Effectuons d’abord un léger retour en arrière. Nous sommes à la fin de 1976. Nos Expos viennent de boucler une campagne de pure horreur, 55-107, à 46 matchs de la tête dans l’Est de la Nationale, mais à peu près personne ne s’en est rendu compte pour des raisons générales de Jeux olympiques à Montréal et toutes ces choses — ils ont attiré moins de 8000 spectateurs en moyenne par joute. Ils sentent donc qu’il leur faut porter un grand coup alors que l’équipe s’apprête à emménager au Stade olympique, vous savez celui qui est trop caverneux et situé beaucoup trop dans l’est de la ville pour seoir à quiconque le moindrement civilisé.

Nos Expos décident conséquemment de partir à la chasse de Reggie Jackson. L’autonomie des joueurs est encore toute jeune et, comme le statut est acquis au compte-gouttes, ceux qui sont libres se font faire une cour intense. Jackson est un voltigeur étoile flamboyant qui tient en relativement haute estime sa propre personne — lorsqu’on lui demande ce que cela lui fait d’être hué dans les stades adverses, il répond : « Fans don’t boo nobodies » — et sait se laisser désirer.

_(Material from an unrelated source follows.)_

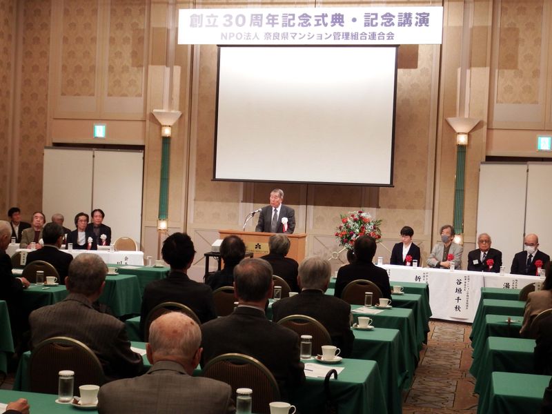 NPO法人奈良県マンション管理組合連合会は11月9日、奈良市のホテル日航奈良で創立30周年記念式典・記念講演会を開いた。

Jackson intéresse sérieusement au moins quatre clubs, et nos Expos lui déroulent le tapis rouge. Dans le journal, on le voit visiter le Stade olympique et on songe à part soi que nos Expos ont dû tenter de le séduire avec une formule à l’emporte-pièce, genre « Avec toi avec pas de toit ». En attendant que Reggie prenne une décision, le suspense se révèle proprement insoutenable.

Que lui offrent nos Expos ? Presque 5 millions de beaux dollars, apprendra-t-on plus tard.

Mais attention, presque 5 millions… pour cinq saisons.

Marrant, n’est-ce pas ? L’un des plus gros noms du baseball pour un salaire annuel même pas dans les sept chiffres ! Est-ce qu’on discerne là une méchante aubaine proche du vol en plein jour, oui ou oui ?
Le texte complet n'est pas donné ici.